The following text explores the imageries of heat. Heat, “the quality of being hot; high temperature”[1] and heat´s material imagination are explored through their images, as embodied experience, as they are imprinted in the arts, in visual images collectively, visual descriptive or figurative language. The imageries of heat belong to those images that often escape us. They are not easily visible. They are felt. They need touch to emerge. In other words, they are not approached in terms of our opticocentric culture and this is why they often escape us.
The images of heat in the text are approached through a phenomenological point of view. The aim is to reveal, through observation, the diversity of these images. Images of heat as images of touch, contact, air, senses (aesthesis), security but also as pain and, in any case, as images of an invisible phenomenon. The interpretation of images of heat as non-optical images, a research beyond the rules of visual representations and their analytical approaches, gives the possibility to approach the difficulty in mapping heat and also in capturing aspects of its poetry and the fear of heat.
Heat as an image of a touch -contact-, heat as a filter -distance-, heat as shaping image -formative force-, ash -result-, lost interior -experience- but also as an intermediate body -carrier- are aspects of the imageries of heat which are presented below.
HEAT, THE IMAGE OF A TOUCH
Sensation of heat and contact with it usually does not affect a particular part of the body. It affects body as a whole. Skin, this sensible surface, is the main mediator, this thermometer that gradually and accordingly warns of a rise in temperature, seeks (or not) protection, sweats, seeks to cover itself, moves away, reddens, burns. It is this warning mechanism that will mobilize the body in order to look for the cover, protection, shade, sunscreen, blouse, sweater, awning, air conditioning so that it does not hurt. The skin, an indicator between the inside and the outside, us and the heat, a milieu or a place of minglings[2]. The air is the one that carries it, which can direct heat to our lungs and, accordingly, lead through it to oxygen supply or even up to suffocation.
“The air, an indistinct mixture, has a stronger claim to being our base line. Intangible, you could almost say intact; colourless and transparent, a conduit for light and colour; odourless and a vector for smell; tasteless; soundless when not driven by heat; it penetrates our bodies, ears, mouths, noses, throat and lungs, envelopes our skin: it is the medium for every signal that reaches our senses”[3].
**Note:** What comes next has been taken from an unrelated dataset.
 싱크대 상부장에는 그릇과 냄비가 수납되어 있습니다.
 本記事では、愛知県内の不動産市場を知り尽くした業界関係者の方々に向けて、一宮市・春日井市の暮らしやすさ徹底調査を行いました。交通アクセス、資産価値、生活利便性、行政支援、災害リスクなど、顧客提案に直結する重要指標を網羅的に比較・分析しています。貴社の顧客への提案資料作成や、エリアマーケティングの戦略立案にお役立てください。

Heat, like that of the sun, is a more complex caress, a biochemical one. For plants, the heat of the sun is the touch of photosynthesis, a touch of life. For the human body, and not only, the touch of sunbeams is pleasant, necessary for vitamin D, and often, in its excessive exposure, dangerous. Heat is literally and figuratively another way to feel the body and the body of Others.
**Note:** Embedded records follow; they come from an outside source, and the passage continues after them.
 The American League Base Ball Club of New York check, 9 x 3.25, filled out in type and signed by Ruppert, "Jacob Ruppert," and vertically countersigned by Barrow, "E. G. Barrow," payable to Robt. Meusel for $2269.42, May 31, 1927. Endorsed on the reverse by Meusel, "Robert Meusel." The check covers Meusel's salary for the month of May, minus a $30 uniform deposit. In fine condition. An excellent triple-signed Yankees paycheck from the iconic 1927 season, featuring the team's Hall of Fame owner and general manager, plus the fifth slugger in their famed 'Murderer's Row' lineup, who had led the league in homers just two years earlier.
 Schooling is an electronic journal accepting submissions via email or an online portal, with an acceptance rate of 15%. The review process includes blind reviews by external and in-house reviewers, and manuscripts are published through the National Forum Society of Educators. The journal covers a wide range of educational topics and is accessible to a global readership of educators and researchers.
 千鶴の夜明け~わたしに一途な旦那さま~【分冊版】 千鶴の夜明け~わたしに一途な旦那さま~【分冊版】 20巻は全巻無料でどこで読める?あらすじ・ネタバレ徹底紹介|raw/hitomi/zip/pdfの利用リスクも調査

“Fire is the ultra-living element. It is intimate and it is universal. It lives in our heart. It lives in the sky. It rises from the depths of the substance and offers itself with the warmth of love”[4].
ΗEAT, A FILTER
Bill Viola in some of his video works such as Deserts (1994) and Mirage series (2012) uses the steam from the desert heat as a filter to describe liminal moments and encounters across the borders of existence. The hot air like a “natural thermal camera” highlights images of heat that we often miss. The heat that emerges from the desert sand makes the air circulate and entrains dust grains creating a filter that blocks vision. The camera in the desert constantly monitors the landscape. Heat images are always blurry. Two spots with unstable contours are gradually traced in the shot. The constantly moving mass of air makes the “spots” vibrate and tremble. As they approach the camera, the spots become narrow and long without ceasing to be dull, blurry and flickering. Gradually, at a very slow pace, it is revealed that the spots are two figures. In extreme heat conditions, Viola makes the “painting” frame of a couple. The figures and their outlines are not static, they are not described accurately. We could say that they are dull and pulsate like those of Francis Bacon. Here the “brush-broom” of the painter, the one that works like the diagram in the painting, the gesture of destruction of the portrait[5] is the dust and the high temperature. The constantly moving dust filter, in streams of different densities, blurs the characteristics of the figures who, as they approach the camera, are slowly traced revealing to the viewer-observer aspects and boundaries of the body as it walks in the heat of the desert.

HEAT, SHAPING IMAGE
In her research “the calorific imagination of practice in glassblowing”, Erin O´Connor approaches heat images, their imagination and reverie through practice. Her images of heat refer to the heat that, with the help of air, shapes, gives form, transforms. Embodied experience and personal practice are necessary for any deepening in the material imagination. It is the images of warmth, heat practice and their need for immediacy that call for personal engagement in situ. “The warmth itself invites the dream of shaping, an undulating dialectic of resistance and reception. This anticipated corporeal dialectic turns the novice towards “consciousness of inner heat which always takes precedence over a purely visual knowledge of light” and perhaps the novice, like Novalis, senses that “[l]ight plays upon and laughs over the surface of things, but only heat penetrates”[6]. Heat and its forming faculty. How heat transforms solid bodies and materials to fluid ones. Heat changes their properties. Objects, already hot, are in constant formation, changing images.

HEAT, A BURNED IMAGE
The exhibition “El Greco and Modern Painting”, dedicated to the 500th anniversary of El Greco’s death, at the Prado Museum in Madrid, featured works of many contemporary painters, in a dialogue with the classical painter. Among them, along with one of El Greco’s first works in Spain, “The Adoration of the Name of Jesus”, an early work of Jackson Pollock, “The Flame”, appears. In El Greco´s epic scene while souls await entry to heaven other souls, in the mouth of hell that swallows its victims,’ are led over a bridge to dark purgatory[7]. In “the flames” of Pollock, an image of blazing flames, the dissolution of the painted object, a skeleton, is presented in the dark. In it, the flames of hell leave their traces like scattered red “brushes”, and the body is “vanished” on the black background of the burning body, which now appears almost dismembered, just before it turns to ashes and painting chaos. “Pollock used vigorous brushstrokes and rhythmic, interlocking forms to create a quasi-abstract, allover composition that anticipates, however crudely, the breakthroughs he would achieve a decade later.”[8]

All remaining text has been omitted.